The next place of worship to be built in the town was also built at the sole expanse of a local benefactor. In 1879, Elizabeth de Lannoy paid for the construction of a chapel called Christ Church on Beacon Road and donated it to the Free Church of England denomination. Five years later she endowed the living of the church for £2,000. The church's first minister, who served from 1879 until his death on 14 November 1900, was Bishop Samuel James Dicksee. On 6 November 1889 he became the Bishop Primus of the Free Church of England, the leader of the denomination, and also served in that role until his death. Elizabeth de Lannoy also paid for the construction of a rectory for Bishop Dicksee; he lived in the house, called Brincliffe, for most of his incumbency. After his death, his wife funded a new rectory as a memorial. The building stood on the Eridge Road and was called The Parsonage; it is no longer owned by the church and is in private ownership. She also paid for a schoolroom and separate lecture hall to be built behind the church. The lecture hall served as Crowborough's public library until the council built new premises elsewhere in the town in the late 1950s.

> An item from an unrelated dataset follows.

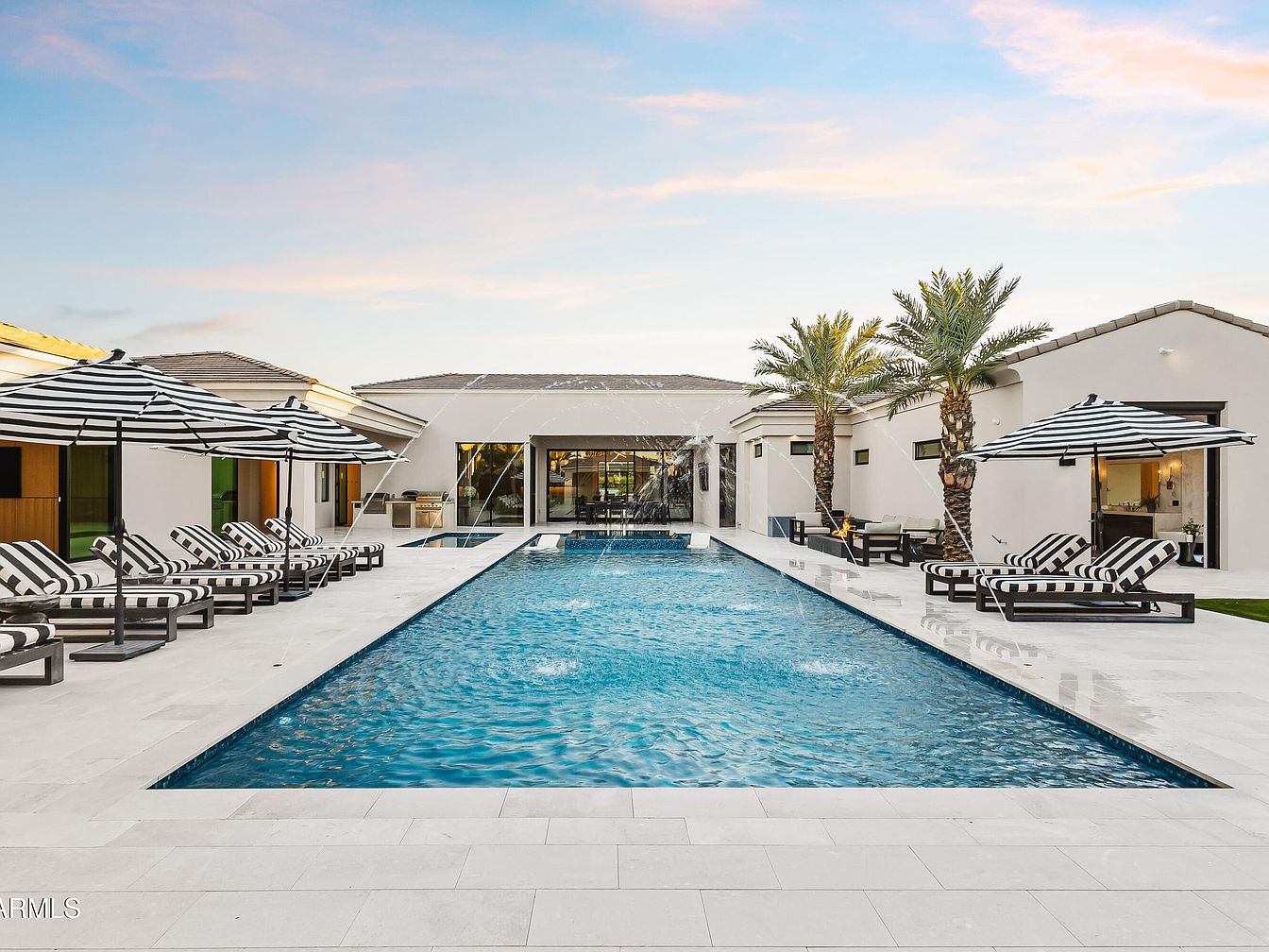 This stunning outdoor space features a large, inviting swimming pool framed by sleek, contemporary tiles. Sun loungers with stylish striped cushions provide a perfect place to relax under the shade of matching umbrellas. The layout promotes family gatherings, with ample seating areas and a direct view of the home’s expansive glass doors leading inside. The neutral color palette of soft whites and subtle grays enhances the serene atmosphere, while palm trees offer a tropical touch. Water features add an element of tranquility, making this outdoor oasis ideal for leisurely afternoons and entertaining guests.

The building continued in use by the Free Church of England throughout the 20th century. It was stated in 1985 that "adult immersion baptism was practised" at the church. In 2004 it was described as an "independent Free Evangelical church", but by 2008 it had closed for worship. Meanwhile, a newly established Evangelical congregation called Crowborough Community Church, which at the time met for worship in a school, was growing. This had its origins in May 1997 when some worshippers from King's Church Uckfield, an Evangelical church in nearby Uckfield, began to meet in Crowborough. Members of the former Christ Church also joined the new Community Church, and by 2015 the congregation had acquired the former Christ Church premises and was using them for administrative purposes and for certain activities, although Sunday worship had moved to a community centre building. Church services resumed in the former Christ Church in 2018 following a period of renovation, and the building is now known as The Oasis.

==Architecture==
Christ Church is a "very modest" chapel distinguished by its large, wide five-light west window facing the street. It is a Perpendicular Gothic Revival building of red brick with stone dressings. The side elevations have small gabled dormer windows. Stained glass designed Arthur Dix designed the glass in the north window in 1918. Memorials inside the church include a tablet commemorating Elizabeth de Lannoy and a "beautiful marble font" given by the widow of David Murray Somerville, the incumbent from 1906 until 1917.

==Administration==
The church is registered for worship in accordance with the Places of Worship Registration Act 1855; its number on the register is 24801. Under its original name, Christ Church, it was registered for the solemnisation of marriages in accordance with the Marriage Act 1836 on 7 March 1881. It is a member of the Evangelical Alliance and the Newfrontiers movement.